Дикая кровь | страница 52



— Ладно, — сказал Ивашко, провожая Родиона до ворот и еле поспевая за ним.

Верещага пришел домой лишь к ночи. Луна лила скупой дымчатый свет на вознесенные купола церквей, на крыши уснувших домов и острожные стены.

Ивашко еще не ложился спать и встретил деда у калитки.

— Где был? — спросил Ивашко.

— В степи. Траву искал.

— Нашел?

— Кабы так, — с тоскою слабо вздохнул Верещага.


Узнав, что братского поймали, сын боярский Степанко Коловский по настырному наущению воспрянувшей духом Феклуши притопал в съезжую и, как положено в таких случаях челобитчику, отвесил воеводе поясной поклон:

— Спаси тебя господи, батюшко Михайло Федорович. Окажи великую милость: вели расковать и отпустить несмышленого работника моего Куземку.

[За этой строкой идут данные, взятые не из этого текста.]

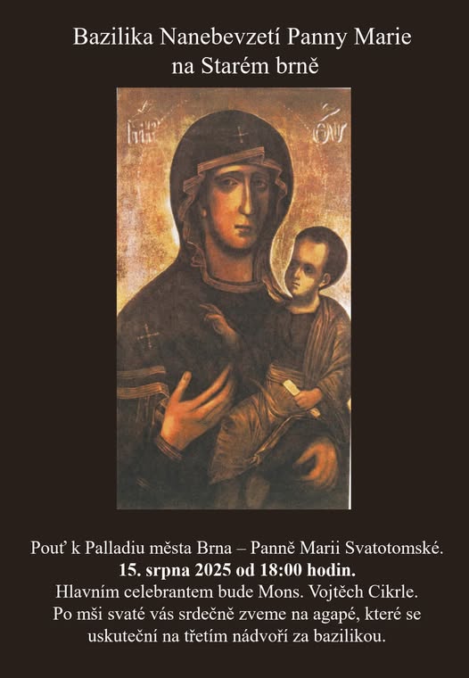 V pátek 15. srpna jsme zváni na slavení poutní mše do baziliky Nanebevzetí Panny Marie na Starém Brně. Hlavním celebrantem poutní mše v 18 hod.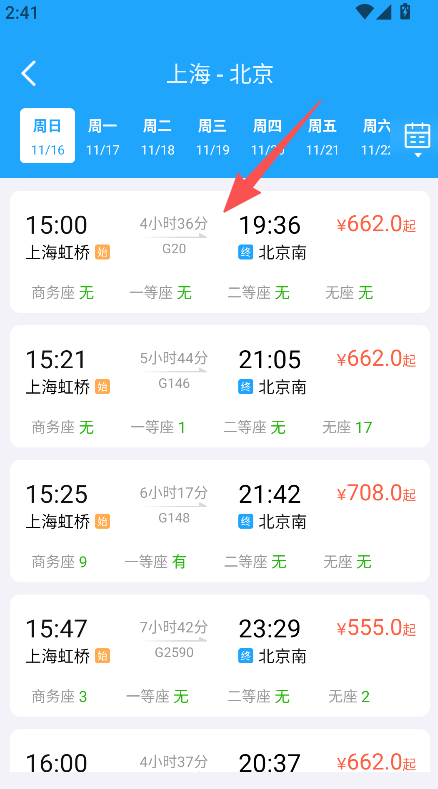 3、查询结果页中,查看车次的出发到达时间、历时、票价及各席别余票情况,掌握详细票务信息。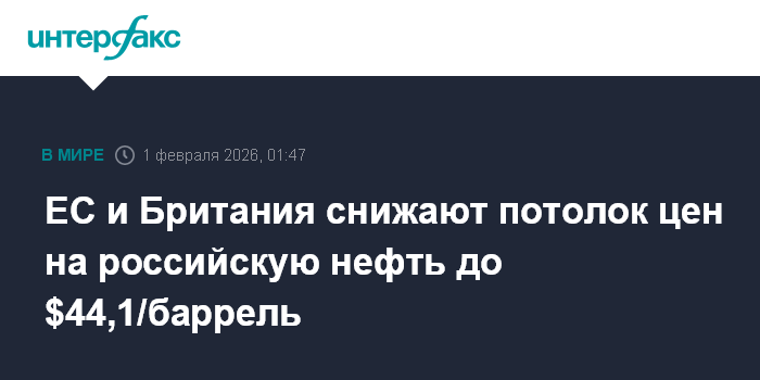 Москва. 1 февраля. INTERFAX.RU - Потолок цен на нефть, который позволяет европейским компаниям участвовать в транспортировке российской нефти, с февраля снижается до $44,1 за баррель, аналогичный уровень установлен Великобританией с 31 января.

Воевода нахохлился, что филин, сердито сдвинул тяжелые брови. По всему видно, не понравилась ему эта нежданная просьба. Было бы из-за чего челом бить, а то так — смутьян и греховодник, одно слово — гулящий.

— Зачем сам молчит? Чай, язык у него не прикован.

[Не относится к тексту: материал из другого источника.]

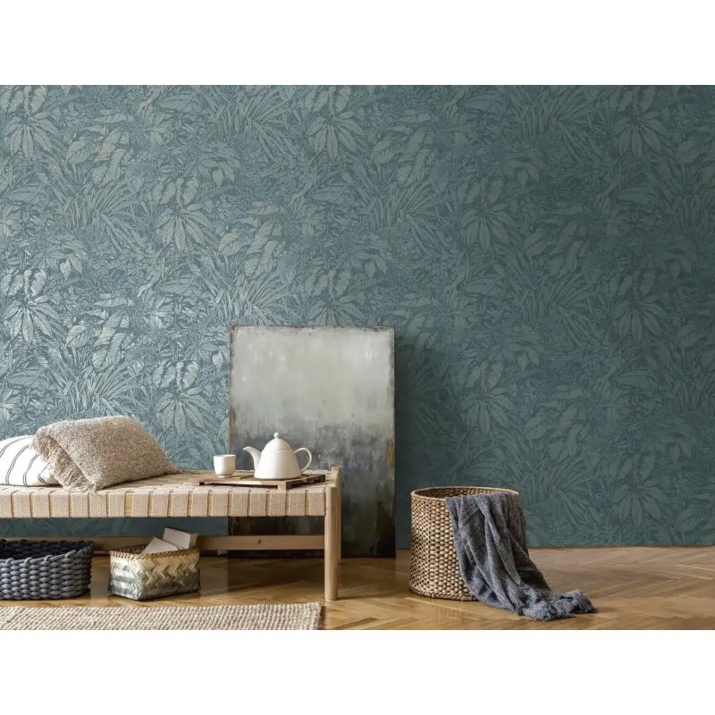 Papel pintado plantas selváticas azul petróleo, verde, Perfecto para interiores que buscan calidez y estilo. AS Creation Smart Surfaces 395603.
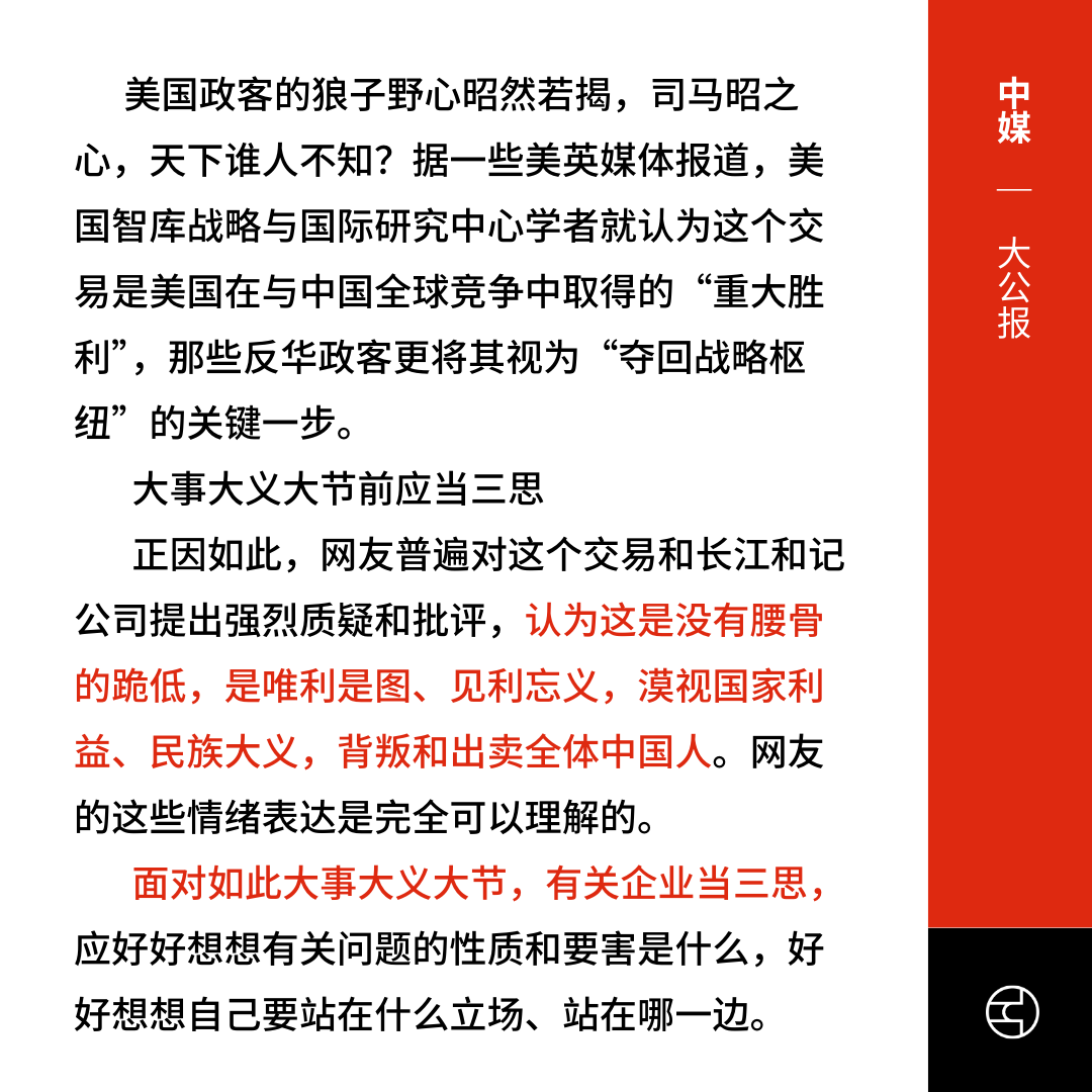 长江和记实业宣布将旗下和记港口集团八成资产出售给美国贝莱德财团,引发中国国务院港澳办罕有地转载香港党媒《大公报》批评,文章担忧美方或借此掌控战略枢纽,冲击“一带一路”和航运贸易安全,并引发舆论质疑李嘉诚唯利是图、漠视民族大义,背叛和出卖全体中国人。

— Не казнь ему башенное сиденье: не у дел и по самое горло сыт. А тут сено косить приспело, пшеничку жать.

— Известно ли тебе, что женка твоя по нему убивается, блинков и калачей носит? — добрея от едкой насмешки, сказал Скрябин.

— Так, — согласился Степанко. — Каков, однако, прок от работника, коли отощал, а?

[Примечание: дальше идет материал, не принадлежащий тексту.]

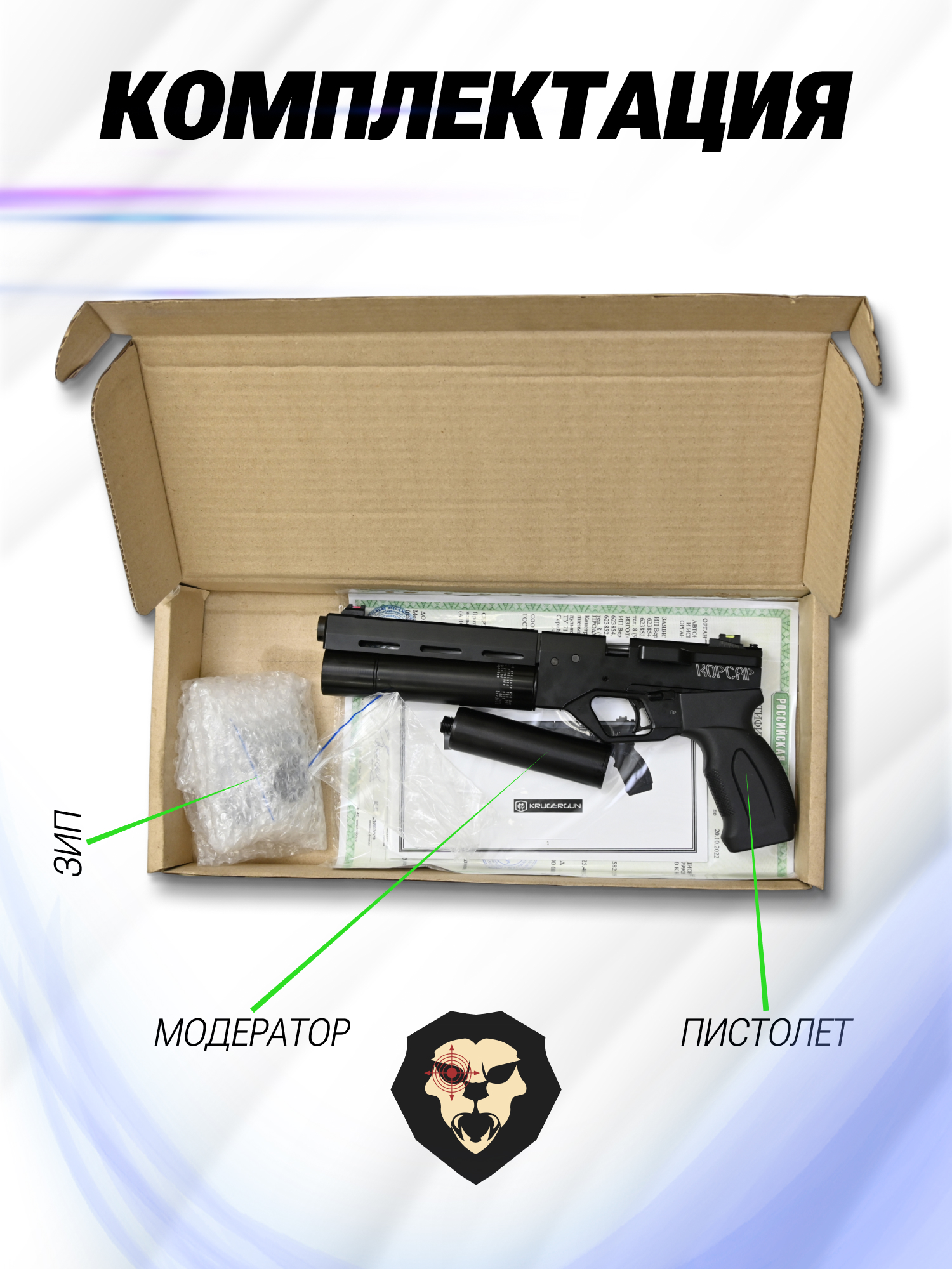 Информация о товаре "Пневматический пистолет Krugergun Корсар 5.5 мм (редуктор, D32, 180 мм, с манометром)" носит ознакомительный характер, и не является публичной офертой, определяемой положениями Статьи 437 Гражданского кодекса Российской Федерации, характеристики, внешний вид, цвет и комплектация могут быть изменены производителем без уведомления.

В распахнутое настежь слюдяное оконце с берега Енисея забросило нарастающий гул перебранки. Казаки ругались у причального плота, ругались матерно и без останову. Воевода сурово поглядел вниз и волосатым кулаком погрозил кому-то. И мелкими шажками, как бы крадучись, опять подошел к Степанке.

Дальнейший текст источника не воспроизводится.